Results Among 17 791 eligible patients, 10 668 (60.0%) patients were wearing helmets at the time of the crash, 2128 (12.0%) patients had intracranial injuries and 331 (1.9%) patients had in-hospital death. 16 381 (92.1%) patients were drivers and 1410 (7.9%) patients were passengers. 62.6% in drivers and 29.1% in passengers were wearing helmets at the time of the crash. Compared to un-helmeted group, the helmeted group was less likely to have in-hospital mortality (1.0% vs 3.2%, AOR: 0.29 (0.22–0.37))and intracranial injury(8.0% vs 17.9%, AOR: 0.43 (0.39–0.48)). In the interaction model, there was a significant preventive effect of helmet use on in-hospital mortality in driver(AOR: 0.26 (0.21–0.34)) but not in passengers(AOR: 1.32 (0.52–3.35). AORs (95% CIs) of helmet use for intracranial injury were 0.42 (0.38–0.47) in drivers and 0.61 (0.41–0.90) in passengers, respectively.

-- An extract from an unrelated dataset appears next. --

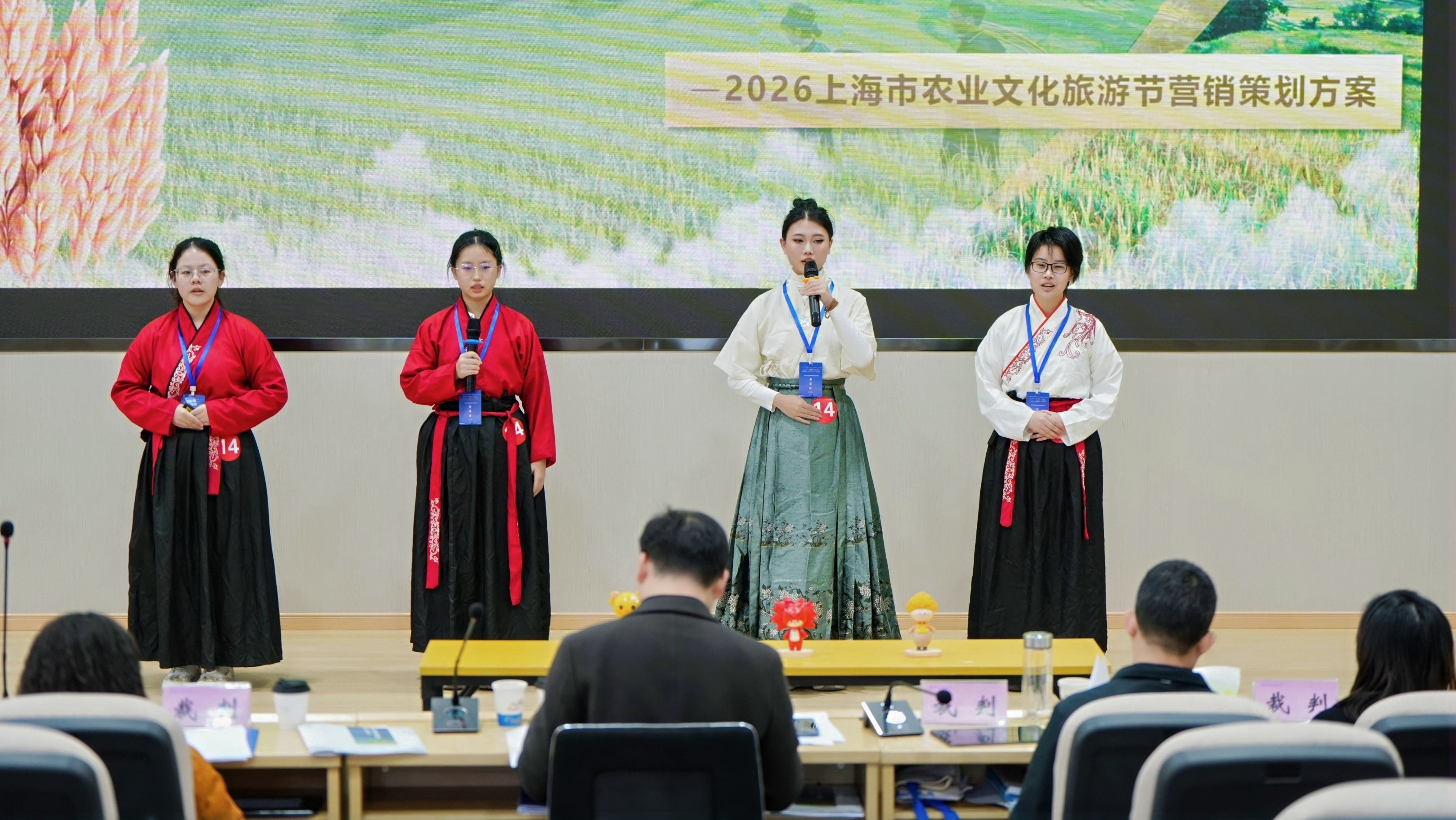 竞赛筹备阶段,团队展现出了极强的协作意识与攻坚精神,在两位指导老师的悉心指导下,队员们经过多次研讨,最终锁定“上海农业文化旅游节”作为策划核心,确立了以《数聚浦江田野,智焕申城乡韵》为题的参赛方案。既贴合长三角文旅融合发展趋势,又能将上海都市农业的特色与文化旅游深度结合,形成差异化竞争优势,同时融合数智技术与创新点。为确保方案质量,团队进行了科学严谨的分工,从文稿创作、市场调研、目标客群分析到活动流程设计,从演示文稿制作到文稿印刷排版,从路演稿撰写到模拟答辩,同学们以清晰的逻辑架构、生动的视觉呈现,将策划思路转化为文字、图片、视频、音频,力求在有限时间内精准传递方案亮点,突出主题,增强参赛可视性、可读性、可辨性。
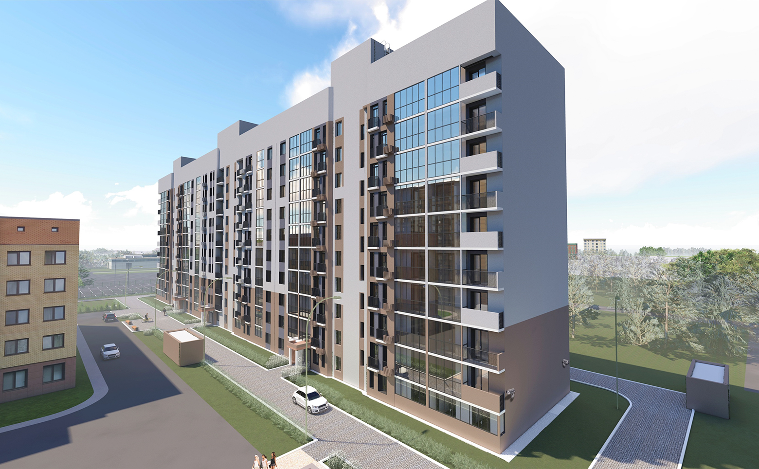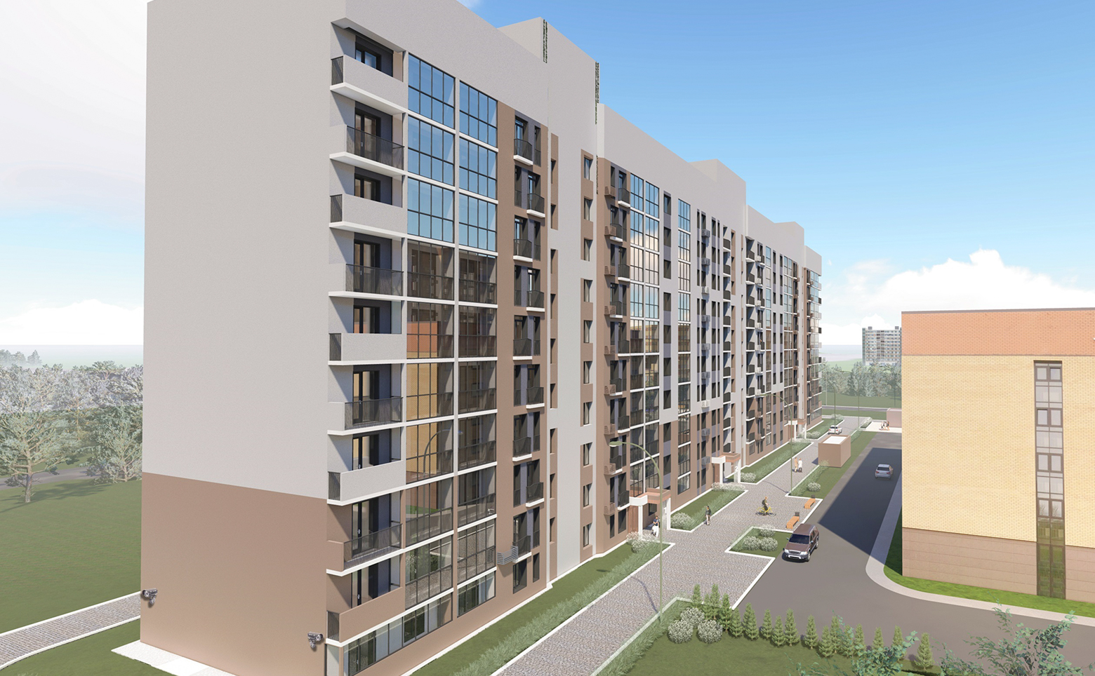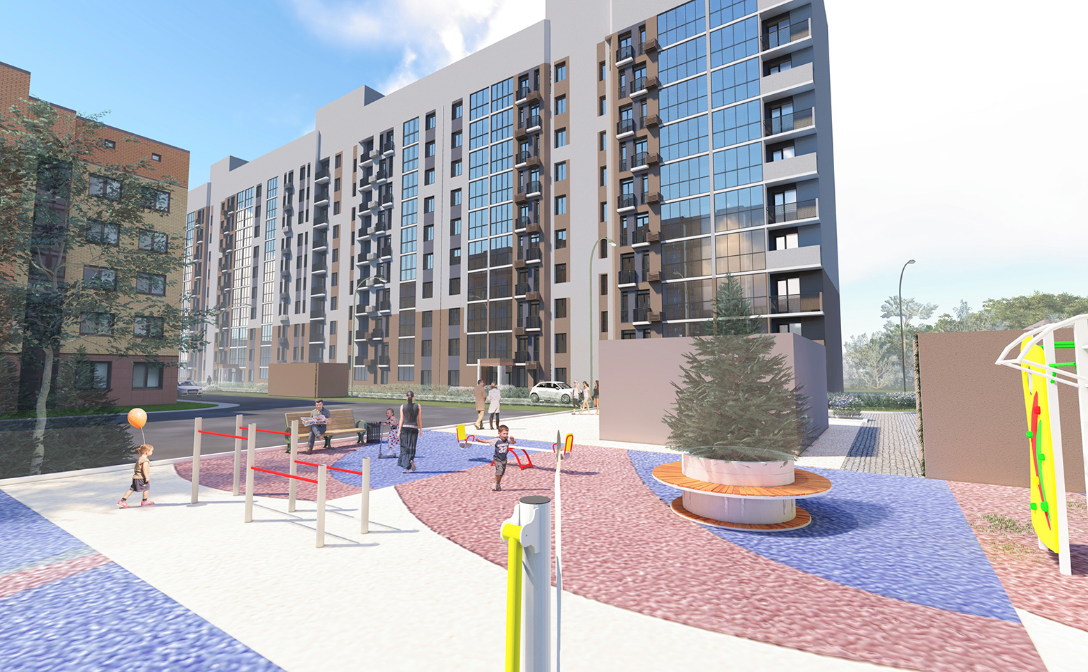 На территории комплекса предусмотрены уютные внутренние дворы с детскими площадками и зонами отдыха. Во дворе дома, а также вокруг него предусмотрено дизайнерское озеленение территории. Для катания на велосипедах и самокатах на территории комплекса оборудована велодорожка со специальным покрытием и местами для парковки велосипедов. Для владельцев автомобилей предусмотрен подземный паркинг.

Discussion and conclusions Wearing helmets in motorcycle crashes reduced in-hospital mortality and intracranial injuries. There was a significant preventive effect of helmet use on in-hospital mortality in driver but not in passengers. The preventive effect of motorcycle helmet use on intracranial injury was stronger in drivers than in passengers.